The Golden Guernsey is a very rare breed of goat, which is found in the Bailiwick of Gurensey on the Channel Islands in the UK.
The breed was only first introduced to the region just over 55 years ago, in 1965 by Rudi Sweg. Ancestors of this breed of goat dates back centuries, with remains having been found in dolmens which are over 2,000 years old on the islands. It is thought that the current form of the breed is a result of ongoing evolution from time BC. The first literary reference to the breed came in 1826, with a reference of a “golden goat”.
The breed was almost wiped from existence during the German occupation of Guernsey during World War two, though were saved by a local, Miriam Milbourne, who hid a herd on the island for years. It wasn’t until 1965 that the Golden Guernsey Goat society was formed.
Appearance and Traits -
As is obvious by its name, the Golden Guernsey is gold in colour.

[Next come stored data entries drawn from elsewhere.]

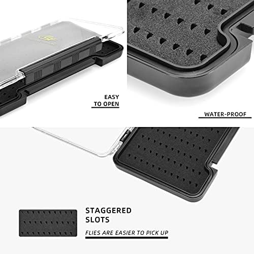 Clear High-density plastic snap-tight cover and high-density black slit foam to keep your flies protect. Fish tank Latch makes it water resistant to keep your flies dry.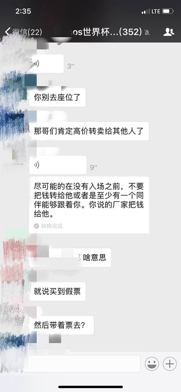 最让她难以置信的是:一名球迷在咸鱼上买到德国vs墨西哥的球票,在拿到球票后,卖家表示自己在官网上退票成功,所以原票作废。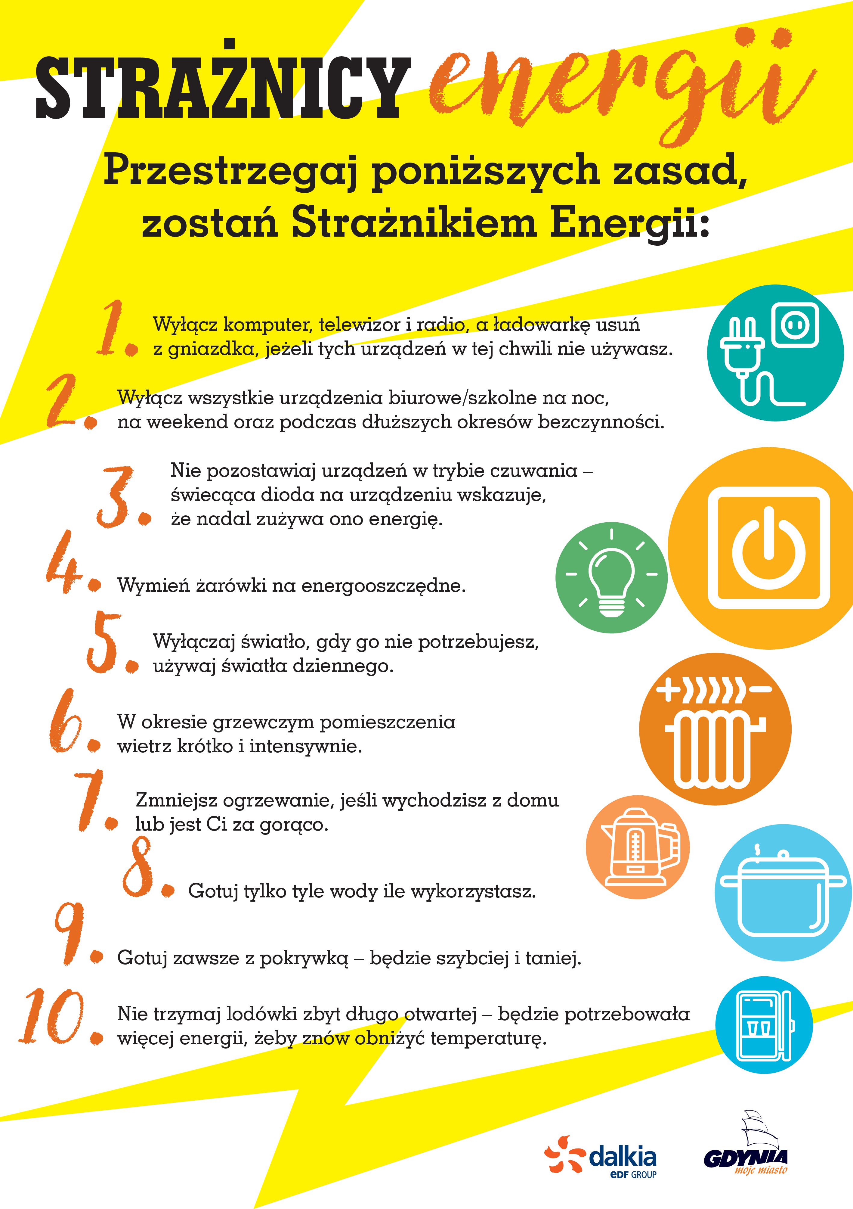 Uczniowie w dziesięciu gdyńskich podstawówkach pilnują by w szkole nie marnowała się energia. Połowa tego co uda się zaoszczędzić w bardzo namacalnej, bo pieniężnej formie wróci do placówki, która będzie mogła wydać całą kwotę na potrzeby uczniów.Szkoły biorące udział w projekcie:• SP nr 8, ul. Orłowska 27/33• SP nr 17, ul. Grabowo 12• SP nr 20, ul. Starodworcowa 36• SP nr 23, ul. Grottgera 19• SP nr 26, ul. Wolności 25• SP nr 26, ul. Tatrzańska 40• SP nr 29, ul. Ściegiennego 8• SP nr 39, ul. Unruga 88• SP nr 40, ul. Rozewska 33• SP nr 40, ul. Gospodarska 1Założeniem projektu jest edukacja ekologiczna dzieci i młodzieży w zakresie oszczędzania energii i ochrony klimatu, w oparciu o współpracę gminy z podległymi jej szkołami w ramach wdrażania tzw. metodologii 50/50. Jej wprowadzenie ma doprowadzić do ograniczenia zużycia energii poprzez aktywne zaangażowanie użytkowników budynków (uczniów, nauczycieli i administratorów) w proces zarządzania energią, a w efekcie do redukcji jej zużycia.Na ochronę środowiska i oszczędności w użyciu energii przekładają się proste działania, takie jak utrzymywanie właściwej temperatury i poprawne wietrzenie pomieszczeń, energooszczędne oświetlanie, a także zmiana codziennych nawyków. Takie właśnie prawie bezkosztowe metody przynoszą rezultaty, które mogą zadziwić. W ramach projektu, dzieci i młodzież gdyńskich szkół nauczą się właściwego gospodarowania energią elektryczną oraz ciepłem. Będzie to miało pozytywny wpływ na rozwijanie właściwych postaw ekologicznych i aktywizacji proekologicznej środowiska nauczycielskiego oraz rozwijanie wiedzy dotyczącej ochrony klimatu.Zwieńczeniem projektu jest osiągnięcie w budynkach szkół zmniejszenia zużycia energii i związanych z tym oszczędności finansowych. Połowa wysokości zaoszczędzonych środków zostanie wypłacona szkołom w formie jednorazowego grantu.Partnerem projektu jest Dalkia Polska Sp. z o.o. z siedzibą w Warszawie, z którą Gdynia zawarła w październiku 2018 roku porozumienie na rzecz zwiększenia efektywności energetycznej budynków w Gdyni, a „Strażnicy energii” są jednym z elementów tej współpracy. Cel projektu jest zgodny z dążeniem Gminy Miasta Gdyni w kierunku kształtowania postaw ekologicznych wśród dzieci i młodzieży oraz dążeniem do realizacji przedsięwzięć służących poprawie efektywności energetycznej i ochronie klimatu. Koordynator projektu:Agnieszka KotłowskaSamodzielny Referat ds. EnergetykiUrząd Miasta GdyniTel. 58 668 23 52ref.energetyki@gdynia.plProjekt pod honorowym patronatem Prezydenta Gdyni Wojciecha Szczurka Do pobrania logo projektu jpg170kb prezentacja pdf1869kb zasady udziału pdf89kb zasady wyliczania oszczednosci pdf98kb patronat honorowy pdf407kb plakat jpg831kb Opublikowano: 16.09.2019 15:21 Autor: Hanna Górecka-Banasik (ref.energetyki@gdynia.pl) Zmodyfikowano: 17.09.2019 11:28 Zmodyfikował: Hanna Górecka-Banasik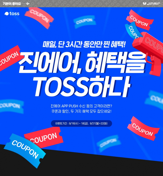 진에어는 토스와 협력해 기획한 '진에어 혜택을 toss하다’ 이벤트를 선보일 예정이라고 15일 밝혔다.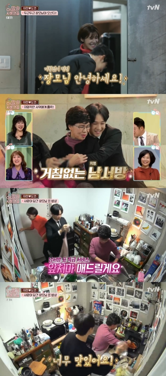 21일 방송된 tvN '아찔한 사돈연습'에는 남태현이 장도연의 어머니와 첫 만남을 갖는 모습이 방송됐다.
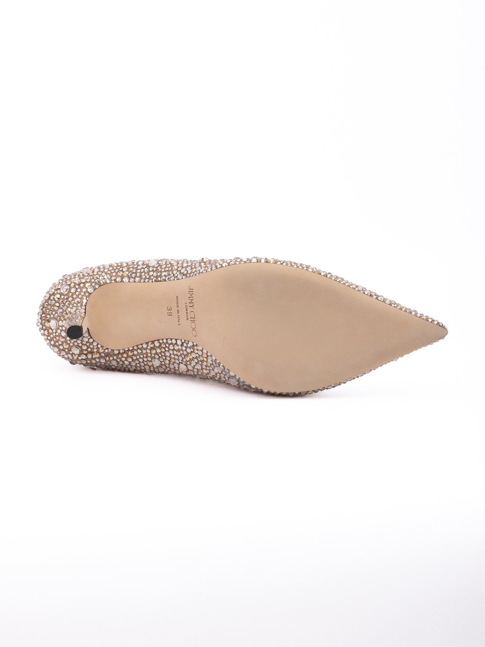 100% Authentic Jimmy Choo Light Bronze Crystal Love 85 Pumps.

Males are generally horned, pointed in upward curves. They are a fine-boned dairy breed, much smaller than other British milking goats. They are very efficient milkers relative to their size, and average 3.16kgs of milk each day. Their milk is also high in protein (2.81%) and butterfat (3.72%), making it very popular. Maiden milkers, or nannies who lactate without having kids, are very common amongst the breed.
Generally, they are a very docile and friendly breed, making them suitable pets or for those looking to produce their own, personal supplies of milk.
A beautiful breed none the less, The Golden Guernsey may be over 2,000 years old, though it is still just as magnificent.